Thursday, September 4, 2014

Thank You, PBS (ATK vol 4)

Inspirational song: Tupelo Honey (Van Morrison)

Here I am, all grown up, with no little kids living in my house anymore, and yet PBS still has things to teach me. How nice of them to do that for me. I've been watching a lot of cooking shows, especially those on PBS on Saturday mornings, for techniques and flavor combinations that inspire me to experiment, as I convert all of my recipes to gluten free. I thought when I went this route, that fried chicken was forever lost to me, and I did mourn its loss a little. This last week, America's Test Kitchen showed me that I've given in far too easily. As it turns out, the best coating for a crispy fried chicken crust is plain old cornstarch. I have been waiting to try it out all week, and tonight I did. I brined a pack of chicken legs in water with a little salt and sugar in it, as instructed, for about an hour. Along with it in the fridge was a cornstarch and water slurry, salted and peppered, to thicken just a little. Dried the pieces of chicken well, rolled them in dry cornstarch and let them sit while I warmed a pot of peanut oil to 350 degrees. With tongs, I dipped them in the slurry, coating well, and fried half of the batch. After about six minutes (turned halfway through because I only had an inch of oil), they were pulled out and put on a rack, while I did the other half. After six minutes, I swapped them again, giving the first set a second fry, again about 6-7 minutes. Once everything was out and draining on a rack over a cookie sheet, I microwaved honey and hot sauce (more honey than hot), for 30 seconds or so, until it was runny, and I whisked them together. I dunked each chicken leg in the honey, and let them drain. That was it. Other than standing over a popping pot of oil, it was practically effortless. I started with two on my plate, and went back and grabbed the others as soon as those were done. Holy cow, it was amazing. Enough to take me from having no appetite for days to scarfing down a whole small pack of drumsticks in one meal. I've never had talent at frying chicken before (I could do it, but it just wasn't great, in my opinion). I think now I need to have a dinner party, and share this experience.
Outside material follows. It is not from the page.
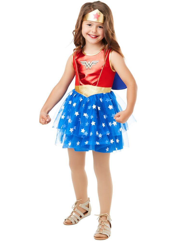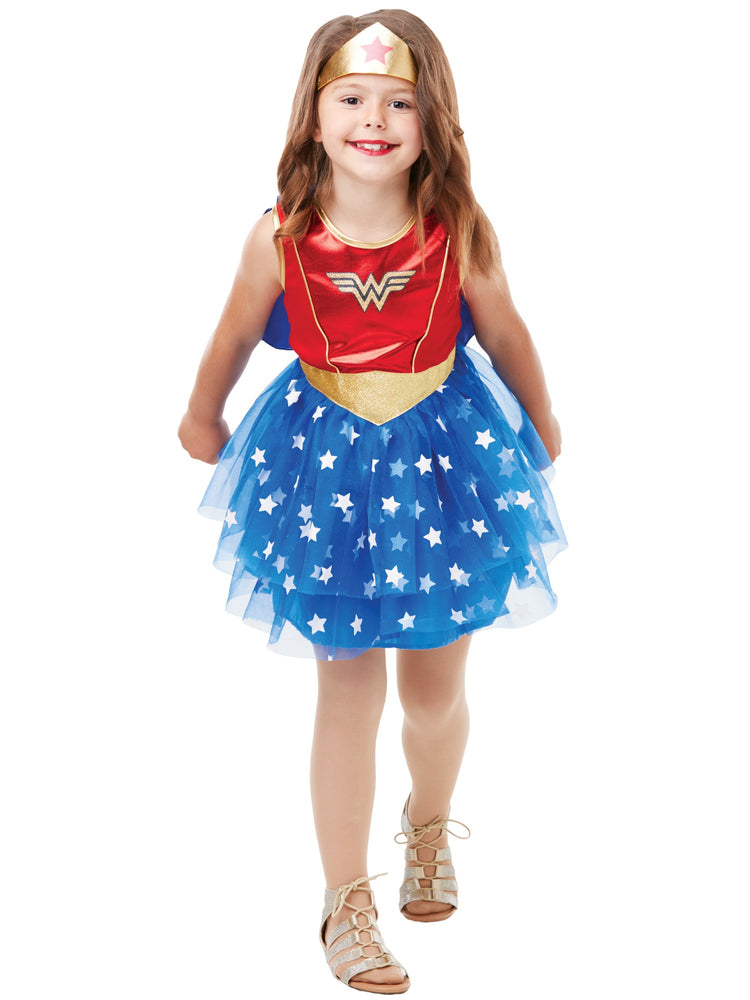 Wonder Woman is Princess Diana of Themyscira, but she adopts the civilian identity of Diana Prince in daily life. The DC Super-heroine from the Amazonian Jungle, she has super human strength and speed, and uses trusty weapons like her lasso of truth, her tiara and bullet-proof bracelets. She teams up with fellow heroes like Batman and Superman as part of the Justice League and takes on crime wherever it lurks. Portrayed as strong, sexy and smart, Wonder Woman has appeared in many Warner Bros movies as well as cartoons, TV series and video games. She is also a team member of the DC Superhero Girls along-side Batgirl, Supergirl and Harley Quinn. From the days of Lynda Carter on the small screen to Gal Gadot on the big screen in Batman Vs Superman: Dawn of Justice (2016), Wonder Woman (2017) and Justice League (2017). Includes dress with metallic looking bodice, shaped gold chest logo digitally printed in gold trim Skirt of dress has a satin underlay and tulle overlay with white stars plus shaped gold belt attached to dress Cape is satin with detachable hook and eye closure tabs at shoulders Metallic fabric tiara headpiece with elastic strap to fasten. Shoes not included This is an .

I don't know what more I can offer than that for the fourth issue of Annie's Test Kitchen. Perhaps just a couple pictures taken along the way. Too bad I didn't take any photos of the miniature peach cobbler I made with a gluten free topping (blended almond flour, coconut flour, coconut oil, salt, and a little brown sugar). It was quite lovely too, full of cinnamon and allspice, and tasting like September. Now if I only had someone who could do the dishes for me.